I got out of jury duty because of my insomnia. If you have any kind of problem that would hurt your ability to concentrate, you could get out of it.


----------



## sprinter (Nov 22, 2003)

Wow you wrote such a long post you finished it after I edited my post. :b For the record it was not my intention to compare torture techniques to SAD and jury duty but just that the contrast to some counties not taking SAD seriously at all with regards to the suffering it can cause to people with SAD versus the outrage over water boarding or if anyone were forced to endure their worst phobia like forcing someone with severe claustrophobia into a small box. Anyone with any decency would see that as cruel. 

I am aware that maybe most of the time the jurors don't have to sit in the witness box which for me personally would make a big difference in the anxiety but I think maybe with criminal trials the potential jurors have to sit in the witness box and you don't know whether it will be for a civil or criminal trial beforehand.


----------



## mserychic (Oct 2, 2004)

I'm sure there's a warrant out for my arrest because I've ignored 2 different notices for jury duty. There is no way I could go :afr


----------



## coldmorning (Jul 4, 2007)

If the SA is severe, I think it's a very valid excuse to get out of it.


----------



## Disintegrate (Jun 28, 2006)

> So should people with a serious case of SAD be forced to do jury duty by threat of fine or imprisonment?


I'm not sure. I had jury duty 3 different times...only served on one complete case. This was before I ever knew what was wrong with me. I do know that I was never stronger for the experience.


----------



## QuietTexan (Nov 15, 2005)

I think if someone's social anxiety is severe enough, it might be a disservice to the judicial process to force that person to sit on a jury. I would feel guilty if my social anxiety prevented me from verbally participating in the jury deliberations, because it could impact the outcome of the case.


----------



## Summa (May 9, 2005)

If you have severe social anxiety, you can probably get an exemption with a sworn statement from a medical professional.
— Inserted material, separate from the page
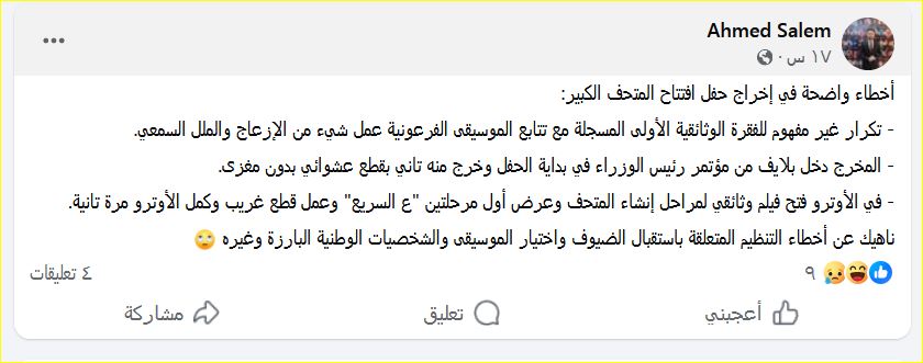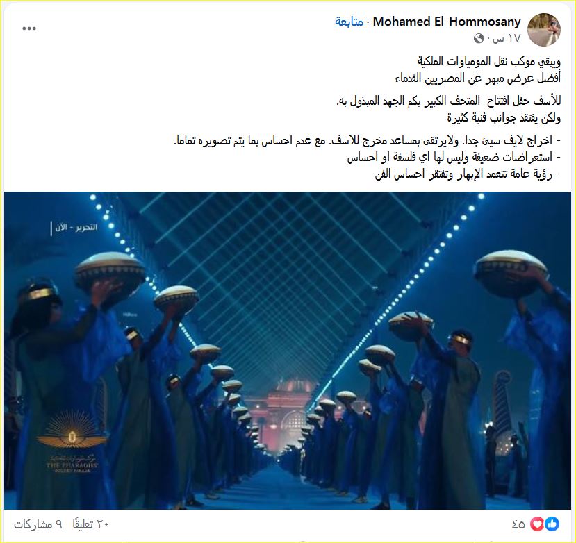 وعبّر رواد مواقع التواصل عن استيائهم من زوايا التصوير والإضاءة وضعف التغطية البصرية، رغم ضخامة الحدث ومكانته الثقافية والسياحية، مشيرين إلى أن الحفل كان يستحق معالجة فنية أكثر احترافية تعكس قيمة المتحف ومكانة مصر الحضارية.

With that said, I had jury duty for the first time a couple months ago. I was extremely anxious about it beforehand, but it didn't turn out that bad. The vast majority of the time is boring, because you are just sitting and waiting. I was among a group of 36 prospective jurors for a murder trial. The amount of time that the focus was on me answering questions was probably about 30 seconds. Fortunately, I was not selected. It wasn't an enjoyable experience, but I made it through.
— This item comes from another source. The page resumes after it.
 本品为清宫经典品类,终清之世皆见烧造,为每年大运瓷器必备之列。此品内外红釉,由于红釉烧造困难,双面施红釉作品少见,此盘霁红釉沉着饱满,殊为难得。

One important distinction is whether the summons is petit or grand jury service. Grand juries convene over a period of months, and I imagine it could be much more challenging to get through with severe SA.


----------



## millenniumman75 (Feb 4, 2005)

With me, it was weird.
When I saw other people just as uncomfortable as me, I realized that I wasn't alone and then I just burst out and had people laughing (with me!). We had a good time. When the people in our case settled before the trial began, I heard people saw they were disappointed that we didn't get to meet anymore. :lol.

Even though it's a pain, it's quite a learning experience.


----------



## KimberlyK (Nov 11, 2004)

Kelly said:


> *What I'm saying is that people should NOT use their SAD as an excuse to get out of stuff when they could use the "stuff" as a means to challenge their anxiety* After all, what's the alternative? Sitting at home and damning your anxiety and wishing you could be "normal?"
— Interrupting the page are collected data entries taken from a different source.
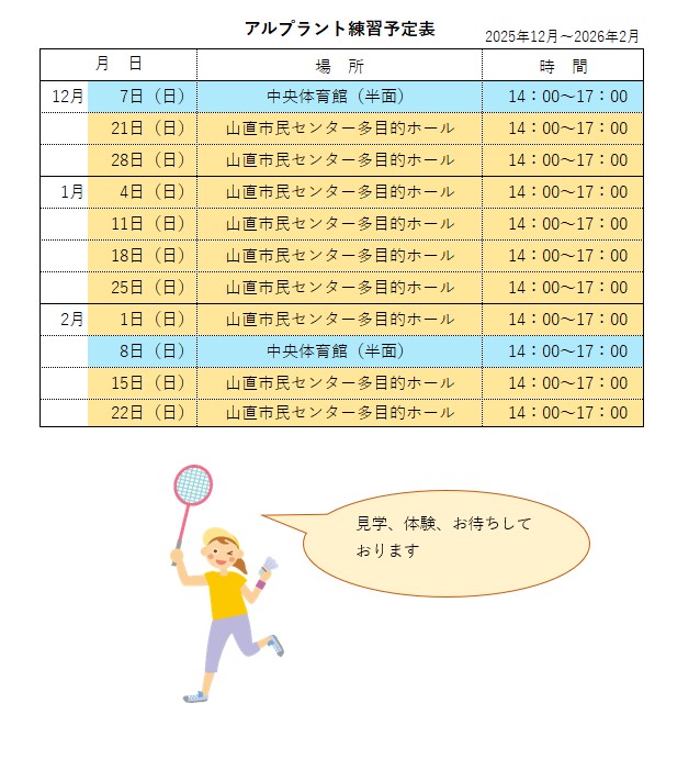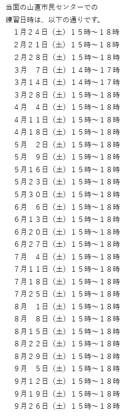 当面の練習予定日時は、▶に記載しています。
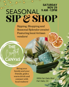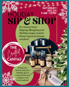 Over at The Crafted Canvas, their Sip and Shop events are on the same dates, starting a little earlier in the day.
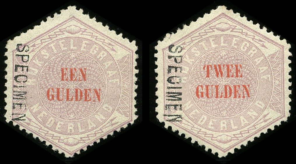 1/6, 8/12, 1 cent t/m 2 gulden met opdruk SPECIMEN (uitgezonderd 25 cent, die deze opdruk niet heeft gekregen), prachtset, die niet vaak wordt aangeboden! € 1750

Well every one of us is different. I forced myself for many years to challenge my anxiety, it made me suicidal and depressed and it did nothing to alleviate my anxiety.


----------



## Kelly (Dec 12, 2003)

KimberlyK said:


> Kelly said:
> 
> 
> > *What I'm saying is that people should NOT use their SAD as an excuse to get out of stuff when they could use the "stuff" as a means to challenge their anxiety* After all, what's the alternative? Sitting at home and damning your anxiety and wishing you could be "normal?"
> ...


You should be proud that you tried and did your best. :yes

Have a nice day,
Kelly


----------



## sprinter (Nov 22, 2003)

From http://www.social-anxiety-network.com/CCBT.html



> Most therapists think of "behavioral therapy" as "exposure" to real-life anxiety-producing situations. Anyone familiar with social anxiety disorder knows that exposures do not work, they only cause damage, and they keep the person locked in the vicious cycle of anxiety, irritation, frustration, anger, and depression. Why am I saying this? At the worst stages of my own social anxiety, I was constantly "exposed" to anxiety-producing situations. There were many situations I could not avoid. I had no choice. I had to "expose" myself to these anxiety-producing situations even though I did not want to do so.
> 
> Equally annoying and discouraging to people with social anxiety is the oft-mentioned "face your fears" and you will become anxiety-free. Several books on the market have this terminology in their title and it is not only a wrong course of action to take with social anxiety, it is an action that leads to doubt, depression, questioning, and even more anxiety. Some of the worst advice given to people with social anxiety is to "buck up and face your fears". This will not work. It will backfire and it damages lives.
> 
> The term "systematic desensitization" is also used as a behavioral technique for social anxiety. This is actually a strategy that will work, given that the therapist knows how to adequately and to appropriately implement it. The "systematic" part of systematic desensitization is highly important. In behavioral therapy for social anxiety, the progress must be systematic, step-by-step, hierarchical, and repetitious. If it moves too fast, or if it is too much, this therapy will backfire. It is very important that any process of desensitization be gradual and systematic.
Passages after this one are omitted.